Начал печататься в 1942 году. В 1951 году окончил Литературный институт имени А.М. Горького. Автор многих книг поэзии и прозы. Наиболее известные произведения – романы "Минное поле", "Вечный огонь", "Полоса отчуждения", поэма "За горами, за долами".

Лауреат IV Всероссийской литературно-патриотической премии "Прохоровское поле" за роман "Минное поле", рассказывающий о героизме моряков-балтийцев, проявленном во время Великой Отечественной войны…

Почему в рассказе о Михаиле Годенко особый смысловой и акцент я сделал на Мариуполе? – широко известна пушкинская цитата из его черновых заметок о «Графе Нулине»: «Бывают странные сближенья». Здесь сближенье глубинно-символическое: Мариуполь, давший жизнь Михаилу Годенко, после тяжёлых боёв вновь стал русским городом; жаль, Михаил Матвеевич не дожил три года до этого знаменательного события. «Запорожский казак», – как пишет он сам о себе, был глубоко ранен творящимся на Украине: «Что происходит на Украине? – честно говоря, я разогнал бы их всех. Для этого, между прочим, и большой силы не надо, достаточно экипажа одного такого корабля, на котором я служил. И разогнали бы всю их братию» – такой представлялась картина заслуженному воину в день его 98-летия. Однако, как мы можем видеть из глубины сегодняшнего дня, всё в реальности оказалось гораздо сложнее и неоднозначней.

Большим подспорьем  в моей работе о Михаиле Годенко явился его «Вахтенный журнал», написанный в форме дневниковых записей-размышлений, начатый в 1949 году. Так, в записи от 6 апреля 1997 года, фиксируя сообщение о смерти Владимира Солоухина, Годенко продолжает: «…для меня он просто Вовка, однокурсник по Литературному институту… А с нами Юра Бондарев, и Сеня Шуртаков, и Володя Тендряков, и Женя Винокуров, и Асадов. Да, на нашем курсе (заочно) учился и Володя Карпов…». Замечательная послевоенная литературная плеяда! Однако, время шло и никого не щадило. Один за другим стали уходить труженики, бойцы, русские и советские люди, выигравшие войну, но «покорные общему закону»:

Шуртаков Семён Иванович (1918 – 2014)
Лобанов Михаил Петрович (1925 – 2016)
Алексеев Михаил Николаевич (1918 – 2017)
Бушин Владимир Сергеевич ((1924 – 2019)
Годенко Михаил Матвеевич (1919 – 2019)
Бондарев Юрий Васильевич (1924 – 2020)
Борзунов Семён Михайлович (1919 – 2020)

И это лишь не все перечисленные из первого литературного ряда.

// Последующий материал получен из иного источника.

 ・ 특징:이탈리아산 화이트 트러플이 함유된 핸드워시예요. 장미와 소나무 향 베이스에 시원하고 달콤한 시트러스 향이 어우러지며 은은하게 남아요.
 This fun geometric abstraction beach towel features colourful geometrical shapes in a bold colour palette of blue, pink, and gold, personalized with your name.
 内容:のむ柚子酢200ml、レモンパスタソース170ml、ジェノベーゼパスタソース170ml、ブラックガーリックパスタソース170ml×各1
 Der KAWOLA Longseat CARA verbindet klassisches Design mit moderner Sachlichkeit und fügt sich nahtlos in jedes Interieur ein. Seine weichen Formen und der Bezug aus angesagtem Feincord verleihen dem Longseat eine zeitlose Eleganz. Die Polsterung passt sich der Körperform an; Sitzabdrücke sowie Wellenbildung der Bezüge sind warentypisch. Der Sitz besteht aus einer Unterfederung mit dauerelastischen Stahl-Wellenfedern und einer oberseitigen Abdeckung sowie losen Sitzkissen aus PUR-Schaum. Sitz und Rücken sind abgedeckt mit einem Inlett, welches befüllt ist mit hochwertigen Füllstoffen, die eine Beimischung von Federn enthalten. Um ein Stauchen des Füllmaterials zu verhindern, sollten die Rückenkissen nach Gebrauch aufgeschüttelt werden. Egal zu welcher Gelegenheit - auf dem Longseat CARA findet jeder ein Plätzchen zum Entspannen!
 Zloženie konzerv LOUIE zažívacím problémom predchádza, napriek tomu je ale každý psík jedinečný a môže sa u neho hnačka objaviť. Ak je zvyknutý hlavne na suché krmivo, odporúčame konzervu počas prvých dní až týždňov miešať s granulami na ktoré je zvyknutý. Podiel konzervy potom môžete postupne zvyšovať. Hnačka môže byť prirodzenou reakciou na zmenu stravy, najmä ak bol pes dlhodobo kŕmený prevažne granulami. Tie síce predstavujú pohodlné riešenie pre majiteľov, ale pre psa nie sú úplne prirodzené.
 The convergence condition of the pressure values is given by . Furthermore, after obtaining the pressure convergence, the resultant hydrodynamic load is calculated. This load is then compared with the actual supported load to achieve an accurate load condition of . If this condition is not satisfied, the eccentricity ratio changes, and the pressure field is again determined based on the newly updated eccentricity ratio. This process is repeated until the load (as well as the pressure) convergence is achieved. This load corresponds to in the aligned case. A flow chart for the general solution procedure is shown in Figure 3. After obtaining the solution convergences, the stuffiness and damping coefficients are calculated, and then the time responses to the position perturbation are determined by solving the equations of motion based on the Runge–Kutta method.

Михаил Годенко был открыт и прям, что стоило ему многих служебных неприятностей; совершенно лишён всякой рисовки и позы. Так, на вопрос корреспондента о том, какие он испытывал ощущения, идя в атаку, он ответил, что дело доходило до потери сознания, – ведь ты бежишь на штык одного, другого, третьего противника; бывает, ты выстрелил в четвёртого или сбил прикладом его в таком горячечном состоянии. Сам он, по его словам, во время штыковых боёв терял сознание, одним словом, испытывал что-то нечеловеческое… Примерно такое же ощущение в описании боя и у Михаила Лобанова – совершенное погружение сознания в иной мир, в иную реальность. Михаил Матвеевич признавался, что характер имел неуживчивый, всё время не ладил с начальством, это продолжалось и после войны. Командир на корабле прямо ему говорил: – ну, что ты? – тебе больше всех надо? Что ты везде и всюду лезешь и правду свою доказываешь?  Но ничего не мог с собой поделать корабельный минёр Михаил Годенко, такой уж он имел казацкий характер… О чём бы ни писал наш автор – о море, о войне и людях на войне, о малороссийской деревне, где родился и вырос – описываемый предмет он знал досконально. На вопрос о его творческом методе, Годенко ответил, что никаких методов он не признаёт и считает, что в этом вопросе надо придерживаться одного правила: писать правду, не лукавить, или как говорят у них на Украине, «пиши – як було».

 

О «ВАХТЕННОМ ЖУРНАЛЕ» МИХАИЛА ГОДЕНКО

В книге «Полоса отчуждения» (Москва, 2011, издательский дом «Вече») – «Вахтенный журнал» – самое большое по объёму из произведений, вошедших в книгу. Помнится, один мой старый и искушённый в жизни и литературе наставник говорил, что  собрания сочинений надо читать «с конца», с писем и дневников классиков, – там многие ключи к разгадкам  их жизни и творчества.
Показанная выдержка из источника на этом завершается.